What this global independent safety science company wanted was a new decision-making engine to fuel their sales strategy. Over many years of success and expansion, the company’s information systems had literally grown apart, creating holes in their understanding of customer behavior and financial performance. To deliver a consistent customer experience and recognize trends and opportunities, they needed to make information easy to access and analyze across business units and disparate systems. They selected Oracle technology to unify their data. Early in the migration process they encountered a barrier to obtaining the efficiencies and agility needed from the new technology: the inability to ensure data quality. At that point, this enterprise turned to Point B to help put their data house in order.
Accountability is key
Point B worked with a core team of executive sponsors, mid-level domain owners and stakeholders throughout the enterprise to establish an accountability matrix to make it clear how decisions are made and who is responsible. This step resulted in two critical success drivers: responsible people feel empowered to make decisions and everyone else understanding how to participate in the decision-making process.
With an organizational model and process identified for overall governance, we focused on decision points for reviewing and approving process changes from all perspectives. This included technology, information needs and workflow. Applying our deep change management experience, we created four simple guidelines for ensuring governance solutions are accountable to their intended goals:
Activities must be accelerators for achieving business goals rather than blockers.

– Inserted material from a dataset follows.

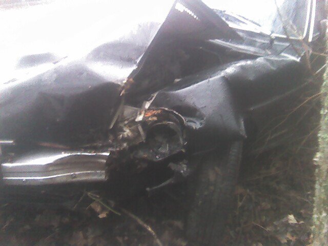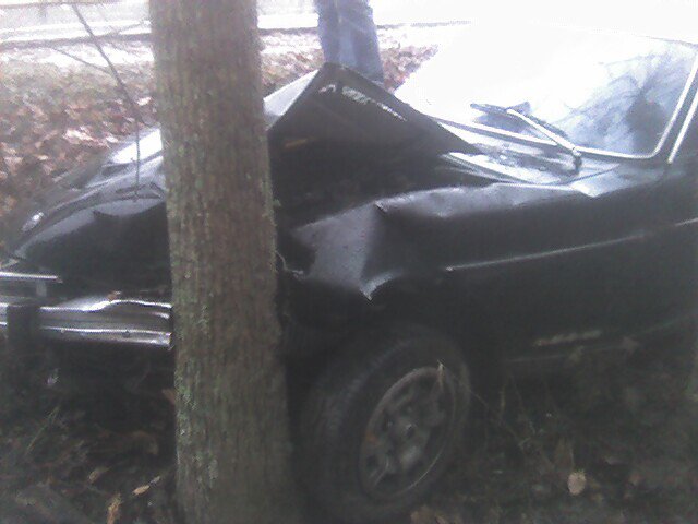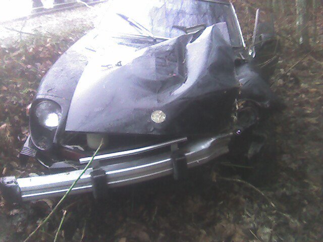 this was a buddys car...its a 78 280z original 5 speed # matching 1 owner car....he was coming around a turn while it was wet and dropped a cigarette in his lap and looked down for 3 seconds or so then looked up and seen his car about to go off the road naturally he jerks the other way then went off a 4 foot ditch(it had the front smashed up just like a dukes of hassard jump) then abruptly slammed into a tree....here's the aftermath

For data to be valuable it should be managed and shared.
Align activities to address risks and opportunities.
Prioritize action over academics.
This approach supports efficiency and employee efforts to make the best possible decisions in all circumstances.
Pilot jump-starts acceptance
Because data governance requires change throughout the enterprise, we created a launch strategy that starts with a series of targeted pilot projects. The goal of each pilot is to test the governance system—and win new champions, building momentum for the general rollout.
By the conclusion of this eight-month project, we established an enduring framework for policy-setting, decision-making and management of business processes, data and enterprise technology. The data governance process is gaining traction throughout the organization as an effective business tool, making data policy standardization a much easier internal sell. Confidence in their decisions is increased because they can trust the underlying data quality.